While we can expect everyone from Wall Street forecasters to journalists to start making predictions in the coming weeks on which drugs may be included, these should be considered predictions rather than facts. We should also note that none of this will go into effect overnight. By law, HHS is required to publish the list of drugs selected for negotiation before they begin, giving everyone one to two years of notice. We can make the educated guess that some of the largest drug companies that manufacture infusions will be impacted, such as AstraZeneca, AbbVie, Eli Lilly, and more.
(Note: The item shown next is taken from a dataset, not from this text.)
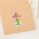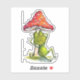 This is an original watercolor and ink painting of a whimsical frog sleeping under a mushroom.

What does this mean for me?
The intention of this legislation is to lower drug costs. The law is expected to lower out-of-pocket costs for Medicare beneficiaries specifically, by ensuring that cost-sharing will be based on that maximum fair price (MFP) discussed earlier. We are hopeful that it will also lower costs for the privately or commercially insured. Along with Medicare price negotiations, the provision that requires drug manufacturers to pay rebates for price increases that grow faster than inflation may assist in slowing annual drug price increases for Medicare and private insurance holders alike.
Where IAF stands:
We hope these provisions will align with the law’s intent and limit out-of-pocket costs and premiums for patients. Furthermore, we hope that by capping Medicare out-of-pocket spending for Medicare Part D (spending on prescription drugs) and instituting a $2,000 cap on spending will eliminate what has been dubbed the “donut hole” and stop putting so much financial responsibility on patients. If the intent of the law is upheld, infusion patients will hopefully begin to experience decreased out-of-pocket spending on their medications.